WotLK Quests: Evolution and Limitation

My priest reached level 75 this weekend, mostly by questing. In Wrath of the Lich King there are achievements you get when you finish nearly all of the quests in a zone, and I got that achievement for both Howling Fjord and Grizzly Hills. Next step will be Zul'Darak. Thus with over 200 WotLK quests done, I can confidently say that Wrath of the Lich King improved and evolved quests beyond what the original WoW and The Burning Crusade offered. In this post I'd like to discuss the evolution of quests, and one major remaining limitation.

I'm enjoying questing in Wrath of the Lich King even more than in previous versions of World of Warcraft. While there are still plenty of "kill 10 foozles" quests, Blizzard made a huge effort to offer lots of other quest types too. It now pays to actually read the quest texts, because not only has the storytelling improved, but also quite often you need to follow more detailed instructions than just going somewhere and killing something. Another improvement to storytelling is that quest series now often can actually be done one quest after another, without a too steep increase in difficulty forcing you to stop and level up before you can do the end. The quests in one quest hub are also better related to each other, both from a point of weaving a coherent atmosphere, and from the practical point of several quests sending you in the same direction. There are still a lot of quests where you need to go back to the quest giver, only to be sent to the same quest location again for the next step, but the quest givers are usually relatively close in those cases.

Quests in WotLK have also evolved into being better integrated into reputation and crafting. Dungeons aren't related to a specific faction any more, so you don't grind reputation by doing a dungeon repeatedly any more. At level 80 you can gain reputation by dungeon runs, but the faction you are working for will be determined by the tabard you wear, not by which dungeon you visit.

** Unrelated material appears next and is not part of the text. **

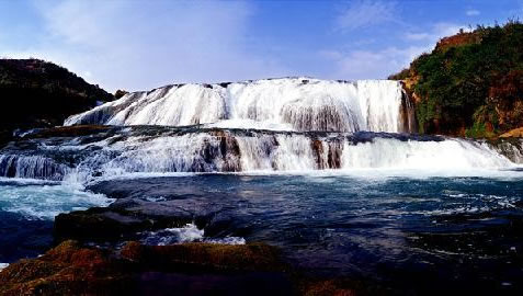 平水時(shí),白水河流量不大,水流清澈,瀑布水層沿著和緩的瀑面,均勻地撒開(kāi),如一層薄薄的、半透明的面紗,又如一面面張開(kāi)的素絹扇面,在陽(yáng)光下泛著銀光,故有人戲稱為“新娘面紗”。但當(dāng)洪季來(lái)臨,白水河中由于攜帶了大量山洪沖下來(lái)的泥沙而呈土黃色,陡坡塘瀑布便消失了往日平水時(shí)的秀色,而變得異常兇猛雄壯。

For factions that don't have a tabard, quests are the *only* way to increase faction. For tradeskills, specifically for cooking and jewelcrafting (not sure about the others), there are now daily quests which award tokens which you can spend on learning new recipes. Great idea! Much better than having to hope for a 1% drop chance from some boss mob in some dungeon.

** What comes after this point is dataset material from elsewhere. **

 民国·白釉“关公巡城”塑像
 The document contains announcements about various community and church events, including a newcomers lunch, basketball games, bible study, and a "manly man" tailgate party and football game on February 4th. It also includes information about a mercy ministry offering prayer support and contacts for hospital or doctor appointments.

So quests in WotLK are better than ever before, in variety, usefulness, and storytelling. But there are still serious limitations to the whole quest system, one of which becomes obvious if you follow the discussion about a "torture quest", which has been discussed on several MMORPG blogs. In that quest you are asked to torture someone, to extract vital information. And some people were shocked by the evilness of that. Now I can agree that this wasn't a clever move on Blizzard's part, as this could easily lead to negative publicity. But to me the quest is more an example of the limitations of the quest system than a moral problem: There are no meaningful moral decisions in World of Warcraft.

The thing is that there is only one possible solution for any given quest. I did a series of morally dubious quests killing trolls for their mojo to summon some troll spirit, who at the end was revealed to be a servant of the Lich King, having duped me into helping the enemy. But the only other option for me would have been not doing the quest series, which would have robbed me not only of the quest rewards, but also of the "do all quests in this zone" achievement. In most cases in WoW you don't have to make any ethical decision at all. And if you have to decide (Aldor vs. Scryer, or D.E.H.T.A. vs. Nesingwary), you probably make that decision on the basis of which side offers the better rewards for your class. Or worse, first work for one side until you have all the rewards, and then work for the other side. In the destiny quest series for starting Death Knights you are even *forced* to switch sides, first doing evil deeds before becoming a good guy.

And evil quests aren't anything new. The first day of playing an undead character you probably killed a bunch of pumpkin farmers. And even supposedly "good" Alliance characters spend a lot of time killing various forms of wildlife, or persecute other humanoids for no other reason than them being a different race. If you made a completely pacifist character, who only accepted quests that didn't involve killing, that plus all the exploration xp possible wouldn't net you more than a handful of levels, and leave you totally stuck long before you could reach the level cap. World of Warcraft is a game about killing, and mass murder isn't an inherently good activity.

In my personal point of view, being evil only matters if you actually had a choice. Many single-player games like KOTOR or Fable or Black & White offer you moral choices, and the chance to develop your character to a saint or ultimate corruption. And even there you can't jump to conclusions and say somebody who made his Fable character evil must be an evil person. Games and virtual worlds give us the chance to experiment with morals, something that isn't advisable in the real world. In real life I wouldn't even kill a rabbit or deer, but I have no problem whatsoever with WoW quests asking me to kill lots of virtual animals or even humans. I'd like to see a MMORPG that involves meaningful moral choices (SWTOR?), but the evil deeds of my WoW characters don't cause me sleepless nights. Real evil usually lies in the suffering of the victims, and virtual rabbits don't suffer.